KUSA - Continued hot weather reminds us of how much we value trees in our landscapes. The older the neighborhood, the more likely mature shade trees will dominate. Creating an outdoor living space beneath them is a great way to beat the heat. To make it interesting and colorful, use shade-loving plants for beds and containers.
My shady patio holds several dozen pots. They thrive on benign neglect, getting watered and fertilized infrequently. Best bets for shade containers include begonias--especially the new 'Whopper' begonias, coleus, blood leaf (Iresine) and wood sorrel (Oxalis). Shade-loving houseplants perform beautifully in shady conditions and add height and bulk. Dracaenas, spider plant, palms, ficus, arrow leaf and umbrella plant all enjoy a summer vacation in the shade. All of these require very little care.

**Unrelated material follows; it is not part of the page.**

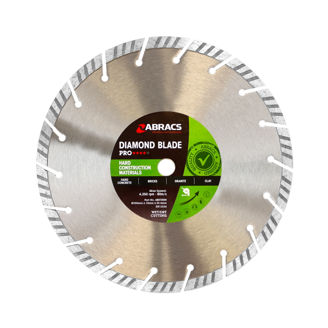 Pro-line Hard Construction Materials Blades have been expertly developed with a soft bond so they can effectively cut through very hard materials such as granite with relative ease. The 10mm angled turbo segments and narrow gullets reduce the chance of segment loss & maximise performance. Manufactured with premium quality diamonds and a

Perennials for shaded garden beds aren't nearly as numerous as those that thrive in sun, nor are they as colorful. Shady beds are more of a woodland tapestry than a colorful crazy quilt. Late in the season, hostas are the big stars. These Japanese perennials feature large leaves and spikes of often fragrant lavender or white flowers. There are hundreds of varieties of hostas with showy leaves that may be green, lime or blue-green. Many have white edges or are streaked with lighter stripes.
Hostas do best in shade beneath deciduous trees and soil enriched with organic matter. Deadhead flower spikes after they finish. Hostas are vulnerable to hail (they're big targets) but they only put out one set of leaves each year, so don't cut off only slightly damaged leaves. Slugs will also eat hosta foliage. Major damage is a sign of over-watering.
Other perennials that thrive in shade and require little care include creeping Jenny, lamium, lamiastrum, brunnera, leopard's bane, vinca and Solomon's seal.
Gardening is full of sweaty summer chores. Lighten your load with smart planning and carefree shade plants.